An indented BOM report shows all of the direct parts, and those parts' lower-level components, that are required to construct an assembly. All items that directly report to the assembly are considered as one level deep; items that directly report to first-level items are two levels deep; and so on. (The top assembly has a depth of zero.) Complex products can have as many as 10 levels, although shallow BOMs are much easier and less expensive to manage, particularly in modern continuous-flow production environments.

Most production processes would fail if child items could be added and removed at any time, without careful review and authorization. Just as an item must be formally released on an implementing change, so too must a child item be formally added on or taken off an item BOM. The vehicle for formalizing these changes is the Markup list of the item's BOM tab. Once you've added or deleted the appropriate child items, releasing the item iteration also implements those markup items. The resulting BOM is shown on the Current list of the item's BOM tab.

Find-item numbers §

A find-item number is a child item's "address" on the BOM and provides:

  • A point of reference between iterations (and specifically technical revisions), or between similar parent items.
  • A way to identify items depicted on a drawing without including the actual item number on the drawing, thereby abstracting the item's purpose from its identification.

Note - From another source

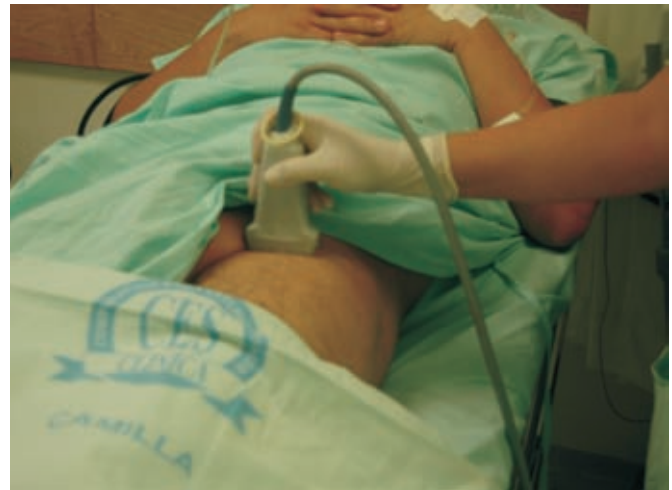
Foto 1. Colocación del paciente y transductor para el bloqueo femoral, con aguja fuera del plano.

ocasionar descargas innecesarias del CDI. Por esta razón se decide, bajo visión ecográfica, llevar a cabo bloqueo de los nervios ciático (abordaje posterior) y femoral (Foto 1). Bajo sedación con midazolam 2 mg venosos y fentanilo 50 mcg venosos, se aplica lidocaína sin epinefrina al 1,5 %, 20 cc, y lidocaína con epinefrina al 1 %, 10 cc, más levobupivacaína al 0,5 %, 10 cc. Se obtuvo bloqueo completo motor y sensitivo del nervio ciático diez minutos después del procedimiento.

To show the differences between two consecutive revisions of a parent item, BOM markups refer to a particular find number, and reference that find number in removing one item and adding another. In order to ensure traceability between revisions, find numbers cannot be modified after the parent item's initial revision has been released.

Sources §

Rather than designing every part that your products use, your organization may purchase parts from one or more approved vendor sources. The source list is sometimes called an Approved Manufacturer List ("AML") or Approved Vendor List ("AVL").

Only a part record can be the source for another part. You can't drop a document record onto the Sources tab.

The rank number indicates the designer's preference of one supplier over another supplier.

Your own organization can be the source for another item. This is useful if you are switching from one numbering system to another, or have discovered multiple inventory numbers for the identical item, or are merging two different companies' identification schemes.